**Requirement**
Copy each line below as it stands, but skip any picture it contains.

**Provided material**
================================

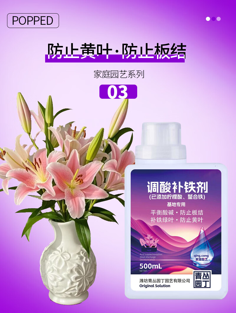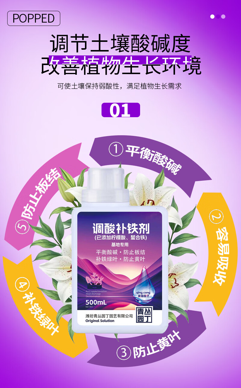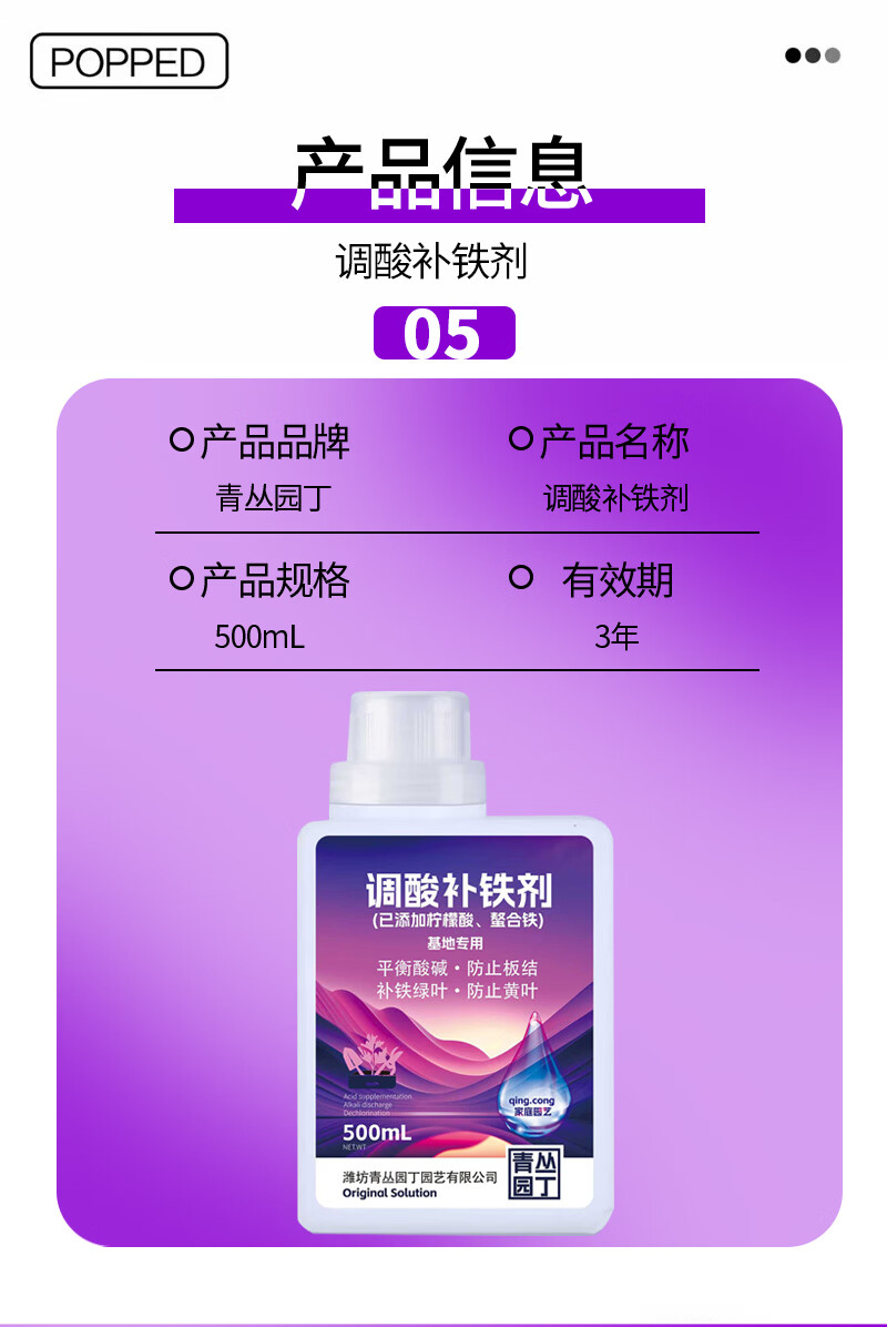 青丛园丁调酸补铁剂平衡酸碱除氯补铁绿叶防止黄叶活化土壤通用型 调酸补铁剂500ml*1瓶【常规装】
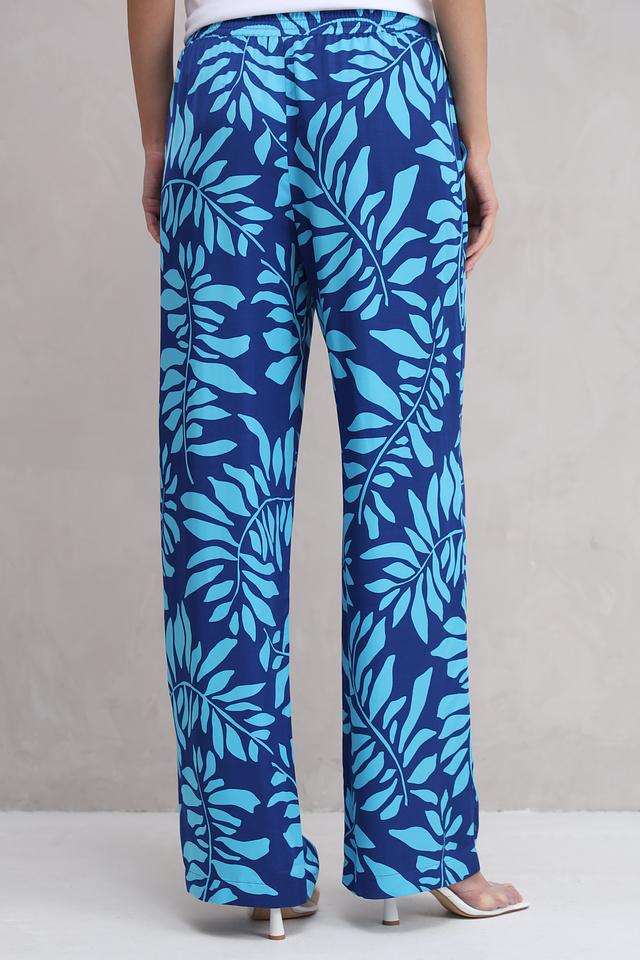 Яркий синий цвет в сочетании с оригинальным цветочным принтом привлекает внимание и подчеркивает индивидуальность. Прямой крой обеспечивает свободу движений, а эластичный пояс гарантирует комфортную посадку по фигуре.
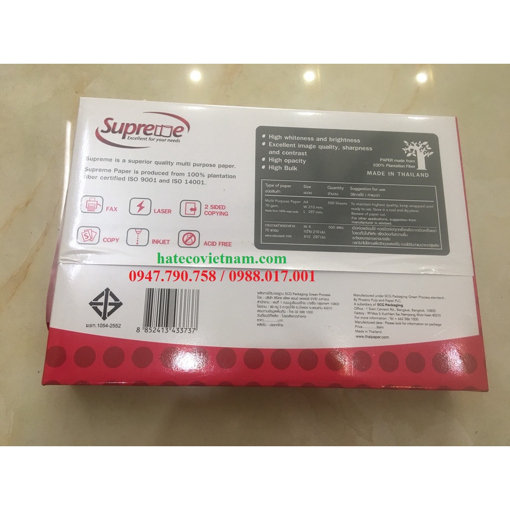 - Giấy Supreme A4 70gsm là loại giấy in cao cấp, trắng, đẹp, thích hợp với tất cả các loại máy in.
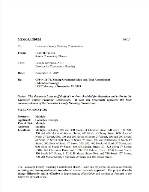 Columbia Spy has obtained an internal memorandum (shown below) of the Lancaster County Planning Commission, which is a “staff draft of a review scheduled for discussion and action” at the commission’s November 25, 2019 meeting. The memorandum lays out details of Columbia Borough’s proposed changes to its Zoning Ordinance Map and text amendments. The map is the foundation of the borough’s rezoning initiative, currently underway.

================================

**Solved exercise**
 青丛园丁调酸补铁剂平衡酸碱除氯补铁绿叶防止黄叶活化土壤通用型 调酸补铁剂500ml*1瓶【常规装】
 Яркий синий цвет в сочетании с оригинальным цветочным принтом привлекает внимание и подчеркивает индивидуальность. Прямой крой обеспечивает свободу движений, а эластичный пояс гарантирует комфортную посадку по фигуре.
 - Giấy Supreme A4 70gsm là loại giấy in cao cấp, trắng, đẹp, thích hợp với tất cả các loại máy in.
 Columbia Spy has obtained an internal memorandum (shown below) of the Lancaster County Planning Commission, which is a “staff draft of a review scheduled for discussion and action” at the commission’s November 25, 2019 meeting. The memorandum lays out details of Columbia Borough’s proposed changes to its Zoning Ordinance Map and text amendments. The map is the foundation of the borough’s rezoning initiative, currently underway.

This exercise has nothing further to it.